The university project, which is the first of its kind in the UK, is projected to reduce cooling energy by up to 83% compared to using air cooling alone and adds only 4.5kW of heat per rack to the data center

 The water cooling system replaces the typical system fans with an internal and external manifold. Water is delivered directly into the rear of the server to cool it. This allows for a simple blind dock, a quick release mechanism for removing or installing the servers.

Internally, water is pumped through attached heat-sinks on the CPUs, Dual In-Line Memory Modules, onboard components, and IO which transfers heat into the water before being pumped away.

Water typically enters the system at up to 45°C; the subsequent heat transfer from the system components to the water typically results in a water temperature increase of approximately 10°C and, in doing so, reduces the temperature of the system. Lenovo also partnered with Mellanox and OCF to deploy the project.

The system took nine months to develop from initial demonstration, system design and testing to validate all hardware for use with warm Water Cooling Technology. The system will eventually be connected to the University's central ‘BlueBear' HPC service and the technology will be used to power the University's private research cloud deployment.

“We're constantly experimenting with new technologies to improve the service we deliver to users.
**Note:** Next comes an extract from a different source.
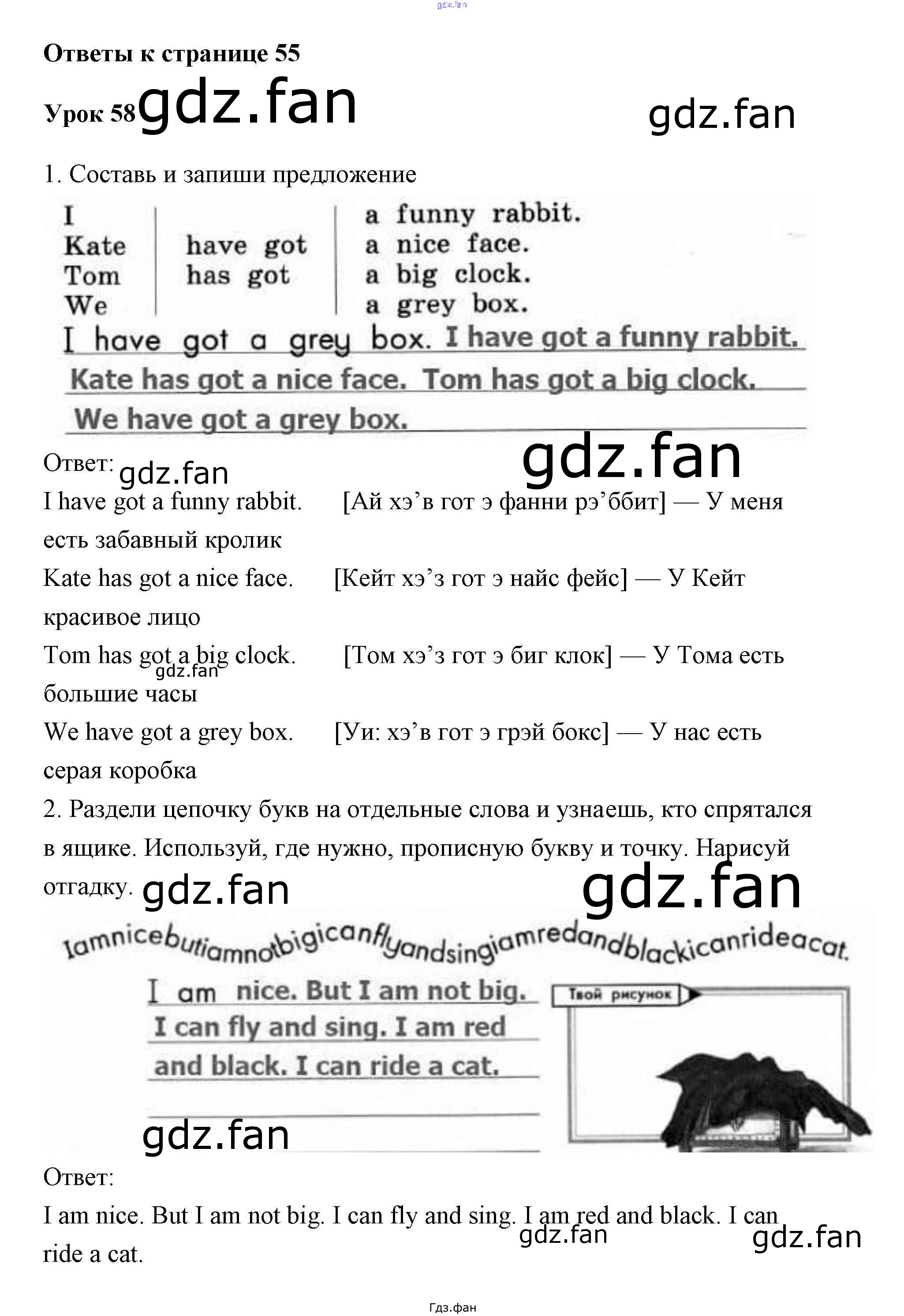 Проверка домашнего задания всегда занимает большое количество времени. На помощь приходит ГДЗ фан по Английскому языку второго класса. Здесь собраны популярные ответы на 55 (Урок 58 № 1, 2, 3, 4) Английский язык 2 класс рабочая тетрадь Биболетова Enjoy English

This project will allow us to manage 85% of the heat recovery from a single 30 kW rack leaving just 4.5kW of unrecovered heat in the data center.

“In addition, we are looking at adding a rear door heat exchanger to the system, which will capture this remaining heat and mean that we will need almost no air cooling for HPC research equipment.

“Although this has been a small deployment, we've been working with Lenovo and Mellanox to qualify new technology into the systems to meet our requirements.